4 keys to this skill:
- Setting a consistent timing
- setting a consistent position or starting point
- right vs left handed throwers
- pattern training
Go Around Creates a Sense of Timing
the Go Around cue allows the dog and handler a predictable moment of movement to get hooked up and in time to do other tricks. this becomes part of the teams rhythm in both freestyle and single disc games.
Go Around is a very common start to many disc based activities. It is such a common pattern that it can often be a bit of a displacement behavior for either dog or handler, or both. The Go Around helps the dog and handler get together as a team and hook up for various sequences, tricks and catches.
Some dogs make a really tight turn and some dogs make a loose turn.
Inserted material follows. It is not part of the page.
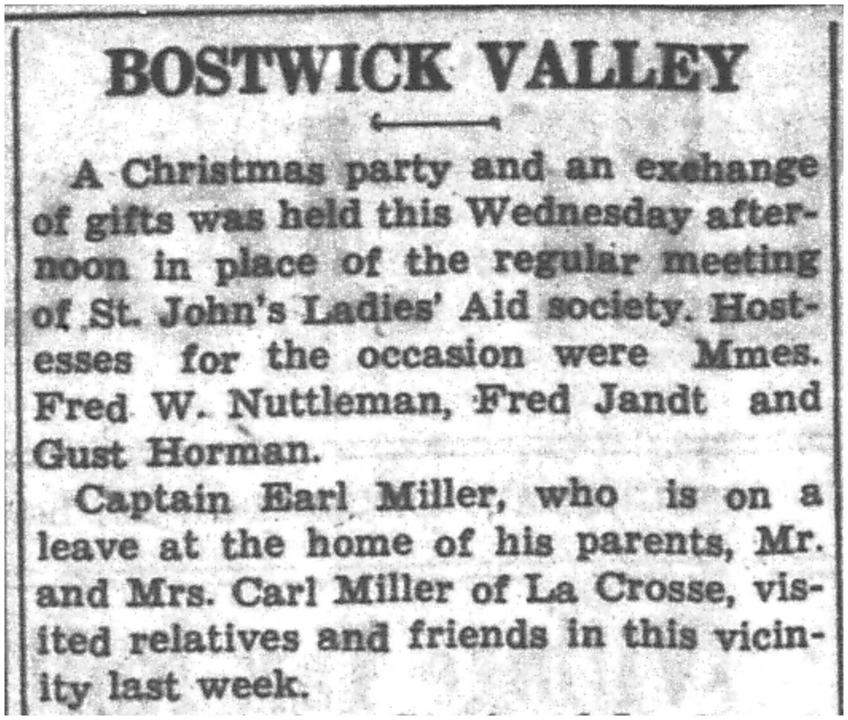 Donald Anderson, Robert Van Tassel, Roy Miller, Arthur Kelly, Grant Koch, Kenneth Doherty, Arthur Wittenberg, Patricia McLaughlin, R E Howland Jr, Warren Kuettel, Patrick Kelly, Marvin Philpot, Robert LaFleur, Raymond Waldel, Harold Evenson, Wilbur Spreiter, Robert Gibbons, Willard Parker, Bernard Hilke, Earl Hansen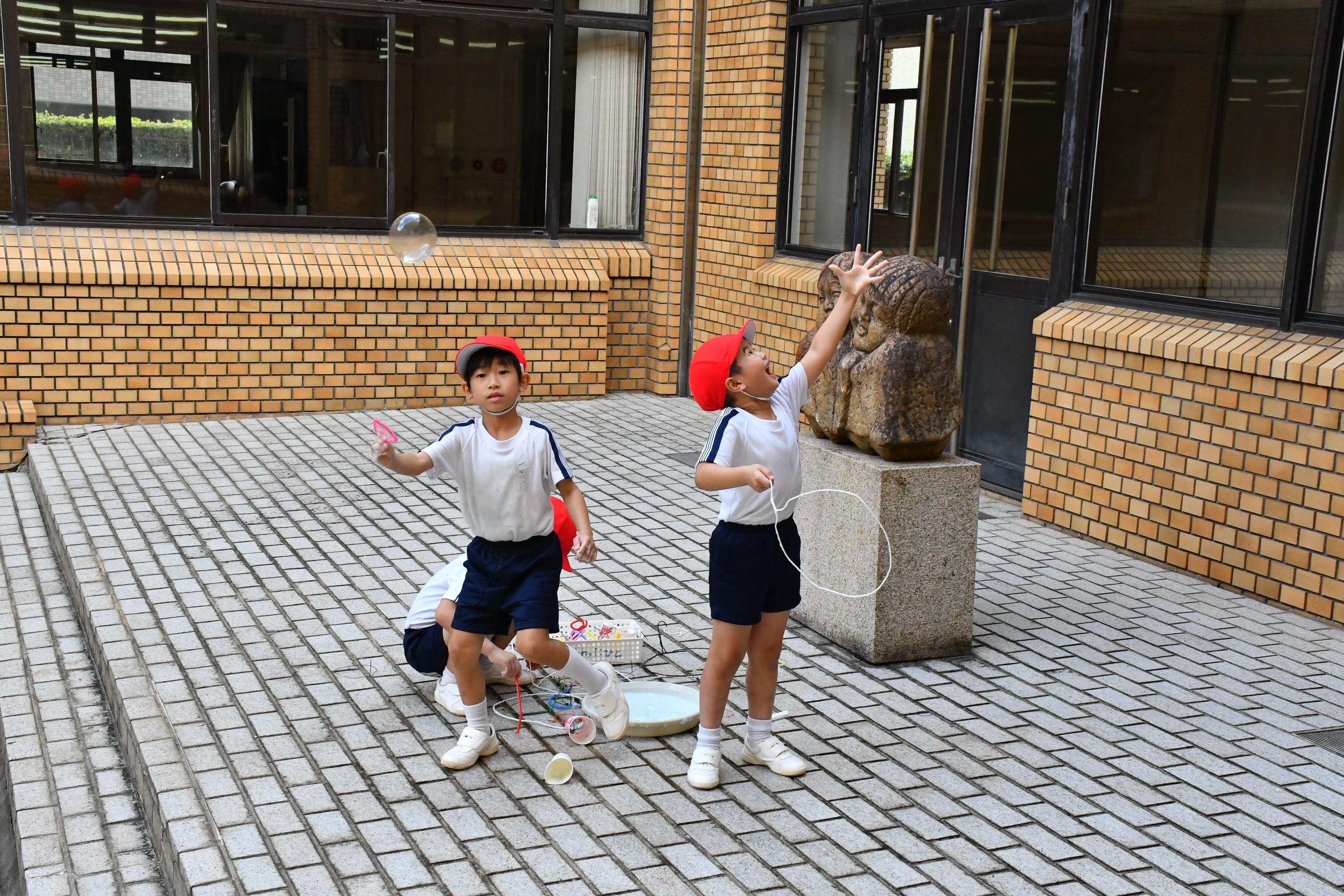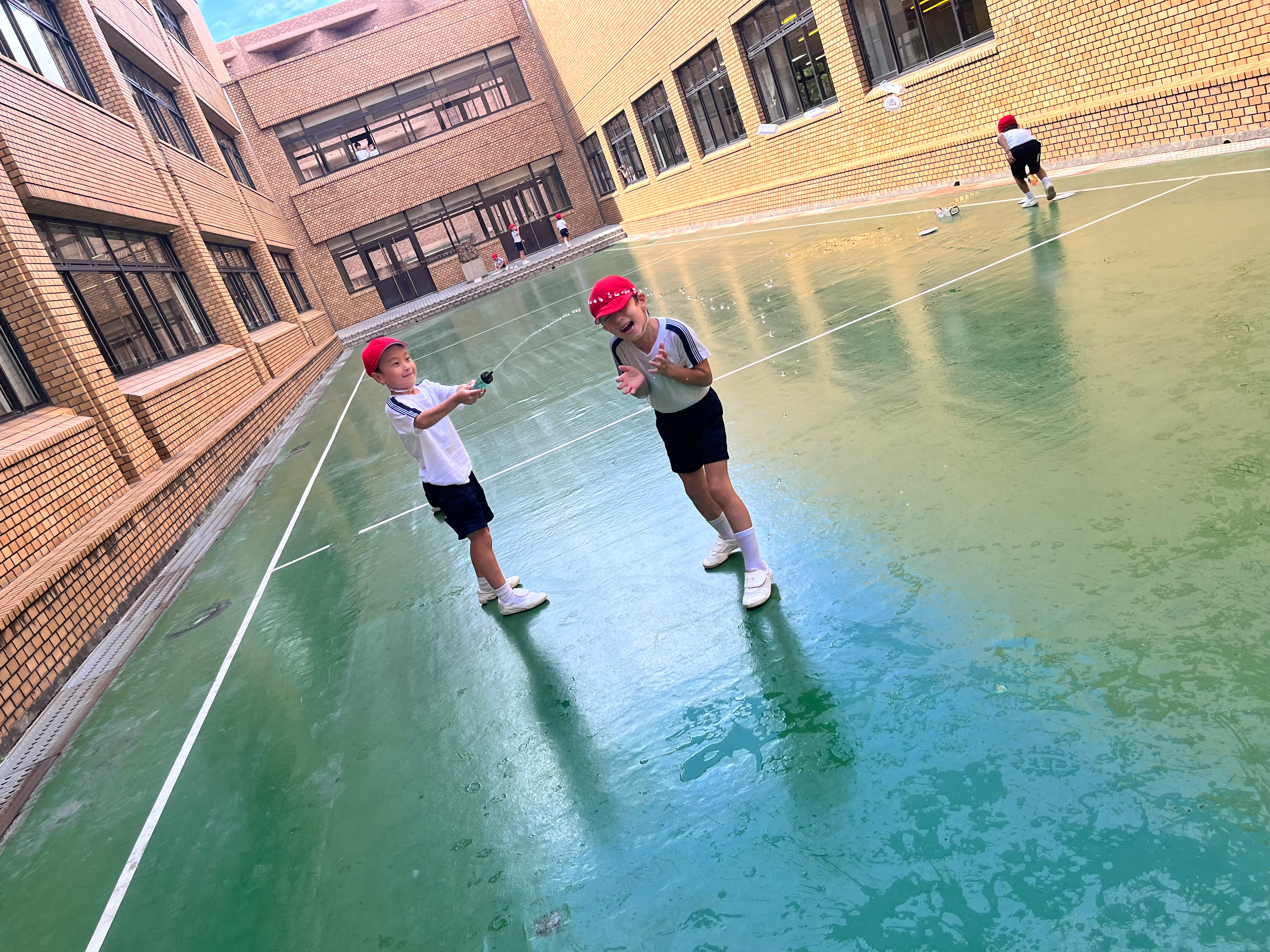 1年生は、生活科「水あそび」を行いました。1学期に企画していたものが雨で延期になってしまいましたが、その分たくさん準備をすることができました。

You can alter this by using reward placement or timing of your throw.
Creates a Starting Point
the Go Around creates a predictable starting point, a moving position, that the dog and handler become accustomed to. this moving position can be assumed as soon as you send the dog around. it’s great intelligence for creative play.
When your dog leaves you on the Go Around, they tend to be in the same place at the same time, so much so that you can bank on that location, direction, and speed and treat it like a position. Having this kind of habitual, predictable moving position makes knowing where your dog is going to be much easier and intuitive. This takes a good deal of the guesswork out of disc placement and throwing.
Right vs Left Handed Throwers
there is an unwritten rule that the dog should Go Around from the throwing hand side to the off hand side: the dog should leave the right handed handler from the handler’s left.
This pattern does seem to yield good visibility which leads to simple and effective timing especially for the handler. It’s most likely the best solution for toss and fetch. When it comes to freestyle though, it may or may not be an effective set up move depending on your dog.
The important thing to keep in mind is that your dog may not move well in a clockwise circle, and just because you are a right handed thrower does not mean that you have to run your dog in that clockwise circle all the time. You might find that your dog runs much better counter clockwise.
Also there are benefits to the dog and handler not hooking up from the beginning of the set up move. It forces the dog to plan better for the target and often yields an entirely different leaping style. Give it a shot…
Reward Placement & Pattern Training
be aware that your reward placement creates patterns. if you always throw to a particular spot after a Go Around, the dog will release to that spot.
If you play a lot of toss and fetch (single disc game) then odds are when you send your dog around the dog is apt to bolt 40 yards downfield. If you never throw to the right after a Go Around then your dog will be apt to blow off discs that are thrown over there.
Dogs are very sensitive to Reward Placement and patterns in the game of disc are highly dependent upon Reward Placement. If you have a pattern you don’t like, want to create a particular pattern, or want to maintain a pattern, be sure you understand and leverage Reward Placement and change where you place the disc.